5. Architecture

As outlined in the introduction, Sinergym is structured as follows:

Sinergym consists of three primary components: the agent, the communication interface, and the simulation. The agent interacts with the environment by sending actions and receiving observations through the Gymnasium interface. Concurrently, the Gymnasium interface communicates with the simulation engine via the EnergyPlus Python API. This API provides the functionality to manage handlers such as actuators, meters, and variables, whose current values directly influence the simulation’s progression.

The following image provides a more detailed view of this process:

Following the flow in figure, upon environment initialization (__init__), a building model is created using the specified epJSON file (1), and a simulator instance is instantiated (2), receiving necessary data for its construction. Handlers for different components are initialized, which will be used in subsequent steps to gather information and control the simulation using the EnergyPlus Python API.

The next step is to initialize the first episode (reset), corresponding to the specified run period in the building. When starting a new episode, Sinergym uses its modeling class to adapt the specified building and weather to the environment (3) and start the simulation (4).

Key modeling actions include updating the EPW file if multiple are present, selecting one randomly per episode (3.1), automatically introducing Output Variables and Output Meters specified in the environment into the building model (3.2), adapting any extra configuration present in the environment, such as simulation timesteps per hour or custom run period (3.3), adjusting certain building aspects to be compatible with the weather specified in the environment, such as altitude, latitude, and building orientation (3.4), and finally applying weather variability if present (3.5).

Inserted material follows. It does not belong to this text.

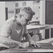 El recorrido por la exposición muestra el tránsito desde la imagen concebida en un boceto hasta llegar a la imagen impresa o estampa. Casi la totalidad de las estampas expuestas son linografías, una de las técnica en relieve del grabado que utiliza planchas de linóleo como soporte. Se talla la superficie del linóleo con herramientas como gubias y cuchillas, dejando en relieve las áreas que se desean imprimir. La tinta se aplica únicamente sobre estas zonas elevadas mediante un rodillo de caucho y se transfiere al papel por presión mediante una prensa vertical o un tórculo. Esta técnica permite contrastes muy definidos, líneas precisas y grandes áreas de color sólido, y es especialmente apreciada por su versatilidad: se puede trabajar desde composiciones geométricas hasta trazos orgánicos y expresivos.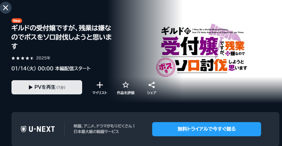先に結論をお伝えすると、アニメ「ギルドの受付嬢ですが、残業は嫌なのでボスをソロ討伐しようと思います」は、『U-NEXT』の動画配信サイトで無料トライアル期間中に全話視聴が可能です。

Regarding the simulation, Sinergym stops the previous simulation if an episode was ongoing (4.1), generates the initial state (4.2), registers callbacks that interrupt the simulation to establish control flow (4.3), initiates the simulation process (4.4), and performs the warmup process (4.5).

Finally, the agent begins to send control actions to the building (5). Sinergym overwrites the selected schedulers incorporated in the building model, interrupting the simulation, setting the values, and resuming the process, thus adapting continuous control. Meanwhile, the middleware waits for the actions to be applied and the simulation state to change (5.1). Once this occurs, it is returned to the agent via the Gymnasium interface (5.2). This process is repeated continuously until the episode concludes (step).

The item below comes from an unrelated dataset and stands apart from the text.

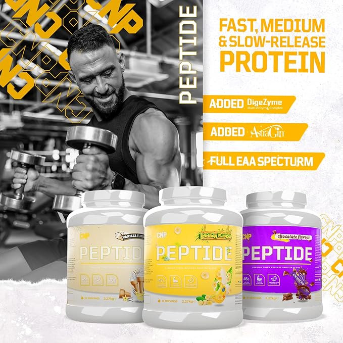 پپتید CNP ما ترکیبی چند مرحلهای از ۴ نوع پروتئین با بالاترین کیفیت است - هر نوع با سرعت متفاوتی هضم میشود تا از جذب هرچه بیشتر پروتئین از هر شیک اطمینان حاصل شود. پپتید CNP حاوی پروتئین وی ایزوله و کنسانتره Native است که در دمای پایین و مستقیماً از شیر بدون چربی فرآوری میشوند و به طور طبیعی سرشار از لوسین و گلوتامین و در عین حال کم لاکتوز و چربی هستند. پروتئین وی Native با کازئین میسلار، آلبومین تخم مرغ و گلوتامین متصل به پپتید ترکیب شده است تا پپتید CNP را به ترکیبی بسیار کاربردی تبدیل کند که یک پروفایل اسید آمینه عالی را برای کمک به بازیابی، ترمیم و رشد شما در عین پشتیبانی از عملکرد طبیعی عضلات و سنتز پروتئین ارائه میدهد. با منیزیم اضافه شده برای کاهش خستگی و پشتیبانی از متابولیسم طبیعی تولید انرژی - ایدهآل برای کاربرانی که رژیم غذایی تخصصی دارند. همچنین با DigeZyme (مرکب چند آنزیمی) و AstraGin (تقویتکننده جذب مواد مغذی) ثبت شده برای جذب بهینه، تقویت شده است.

This framework is highly abstract, as these components perform additional tasks such as managing the output’s folder structure, preparing handlers for use, initiating callbacks for data collection during simulation, among other functions.

The architecture of Sinergym accomplishes the design objectives by offering many advantages. The framework is extensible since it facilitates the integration of custom reward functions, wrappers, controllers, and loggers, together with new EnergyPlus buildings and weathers. The use of EnergyPlus API as middleware allows access to all building sensors, metrics, actuators and other information during simulation. From the users’ perspective, the framework hides the complexities of the interaction with the simulator to let them focus on data generation, learning control strategies and validation.

5.1. Additional observation information

Beyond the observations returned by the step and reset methods, as depicted in the preceding images, both methods also return a Python dictionary containing supplementary information:

Reset info: This dictionary has the next keys:

info = {
          'time_elapsed(hours)': # <Simulation time elapsed in hours>,
          'month': # <Month in which the episode starts.>,
          'day': # <Day in which the episode starts.>,
          'hour': # <Hour in which the episode starts.>,
          'is_raining': # <True if it is raining in the simulation.>,
          'timestep': # <Timesteps count.>,
      }

step info: This dictionary shares the same keys as the reset info, but additionally includes the action dispatched (to the simulation, not the environment), the reward, and reward terms. The reward terms are contingent on the reward function employed. For more details, refer to Reward terms.